Begitulah, saya sungguh cinta dengan menulis. Mungkin hal ini berarti "doa" kakek saya terkabulkan. Ya, kakek saya-lah yang memberi nama saya Ernesta. Diambil dari Ernest Hemingway, nama seorang penulis kesukaan beliau. Kakek saya yang dulunya Walikota itu memang sangat suka membaca. Buku-bukunya mencapai ribuan, berbagai jenis mulai dari ensiklopedia hingga novel. Dan juga dalam berbagai bahasa.
Psst.. Mama bilang sih nama saya juga berasal dari nama salah satu mantan pacar Papa yang paling cantik. Anak seorang pastor.
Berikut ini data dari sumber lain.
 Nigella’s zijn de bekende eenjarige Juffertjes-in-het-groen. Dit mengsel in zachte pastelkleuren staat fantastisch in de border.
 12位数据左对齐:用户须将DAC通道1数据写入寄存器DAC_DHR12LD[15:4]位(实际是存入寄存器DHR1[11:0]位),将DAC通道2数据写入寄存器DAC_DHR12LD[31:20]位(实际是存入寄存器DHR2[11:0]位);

Pantas saja saya sering dikira beragama Kristen. :D
Kembali ke soal "telanjang" tadi, berkaitan dengan quote dari Paulo Coelho, menulis adalah suatu bentuk "ketelanjangan" yang paling dapat diterima di muka publik. Yaiyalah, kalau telanjang tanpa busana di depan umum.. Mau dikira orang gila?
Tetapi menulis ini lain.. Sama saja kita telanjang, tapi dalam bentuk yang dapat diterima oleh orang lain. Indah sekali bukan?
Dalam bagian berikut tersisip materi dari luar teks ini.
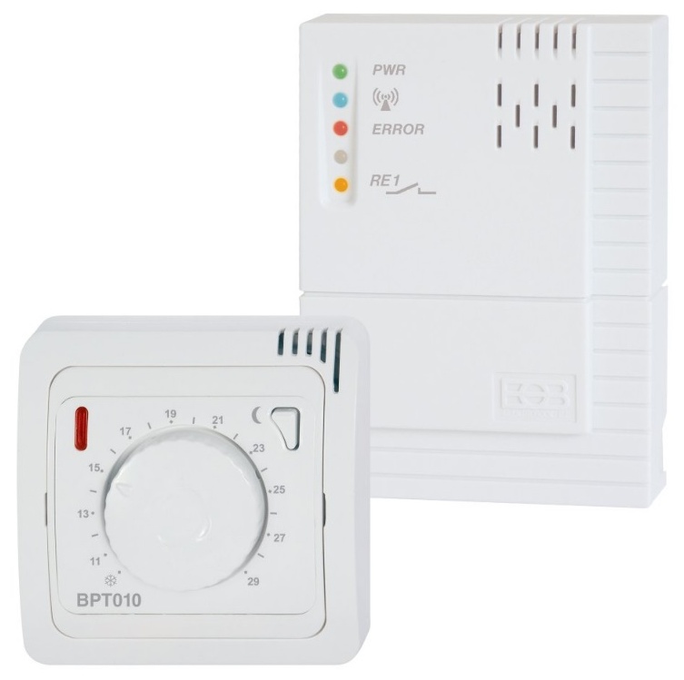 Bezdrátový termostat. Díky jednoduchému ovládacímu prvku a spolehlivé obousměrné komunikaci je BPT012 tou nejlepší náhradou klasického bimetalového termostatu. Vyšší komfort ovládání, moderní design a montáž bez sekání zdí a tažení vodičů jsou další přednosti, které Vás přesvědčí o modernizaci regulace Vašeho topného systému. Tento termostat má přijímač pro montáž na zeď. Tlačítko rychlé volby nočního útlumu (automatický pokles o 3°C po dobu 8-mi hodin). Další parametry: obousměrná komunikace, Vf výkon: <10 mW, hystereze: 0,4 °C, výstup přijímače: relé, max. 16 A.

Seberapa jauh masing-masing orang mau "telanjang" lewat tulisan-tulisan pribadinya adalah hak asasi masing-masing orang, selama itu tidak "menyikut" atau "menginjak" hak orang lain. Misalnya mencemarkan nama baik atau membuat fitnah.
Ada orang yang "pemalu" dan hanya berani "topless" lewat tulisan-tulisannya di social media (public), ada juga yang vulgar, berani "buka baju dan celana" bahkan "underwear" lewat tulisannya di ranah massa. Itu semua pilihan masing-masing orang.
Saya sendiri termasuk vulgar. Saya berani kok cerita ini itu dan selalu terlalu jujur. Saya suka tweet ini-itu. Apa saja kegiatan saya, makanan yang saya makan, tempat yang saya kunjungi, kegiatan saya, perasaan saya, pikiran saya, keluhan saya, apa saja! Sesuka saya. Salah seorang sahabat saya (seorang alumni psikologi UI) pernah iseng mengetes kepribadian saya dan dia bilang: "Lo itu orang yang super duper transparan, Nest. Lo terlalu terbuka. Lo emang supel dan gampang deket sama siapa aja. Tapi gue ingetin ya.. Ini bisa jadi kelemahan dan kelebihan lo sekaligus. Karena ga semua orang baik seperti yang lo pikir, Nest. Ada juga orang yang jahat, iri, gasuka, dan negative thinking."
Saya hargai nasehat dan peringatannya. Namun inilah kepribadian yang saya miliki. dan sulit sekali untuk merubahnya. Bukankah Allah menciptakan manusia dengan segala keunikannya masing-masing?
Kenapa harus takut oleh manusia lain? Hak kita untuk menulis apapun yang kita mau, berbagi atau sharing apapun yang kita inginkan. Hak mereka juga kok untuk menilai atau menghakimi kita sejauh yang mereka mau. Bukankah social media begitu membludak karena semua orang ingin didengar? Ingin bercerita, diperhatikan, dan disimak oleh manusia lainnya. It's human basic needs.
Saya senang sekali memperhatikan manusia lain. saya suka membaca kegiatan mereka, pikiran mereka, melihat foto-foto yang mereka upload, saya jadi semakin banyak tau tempat-tempat baru, makanan-makanan baru, sampai barang-barang baru. kalau pun ada yang terlalu mengganggu, karena terlalu sering posting ini itu (frekuensi tweet-nya per-menit sungguh menakjubkan!), pernah kok saya unfollow satu atau dua orang teman yang seperti itu. Simple kan? Daripada saling gossip, mencaci, atau menghina yang berujung dosa, dendam, dan sakit hati?
Well, seberapa jauh kita mau "telanjang" memang memberi celah bagi manusia lain untuk menatapi kita, mengamati kita, menilai kita.. So, I dont mind at all. Judge me as much as you like, people.
I fall for writings and words, and to all those pictures that could describes a thousands words.
And i dont mind being "naked" at all in front of you.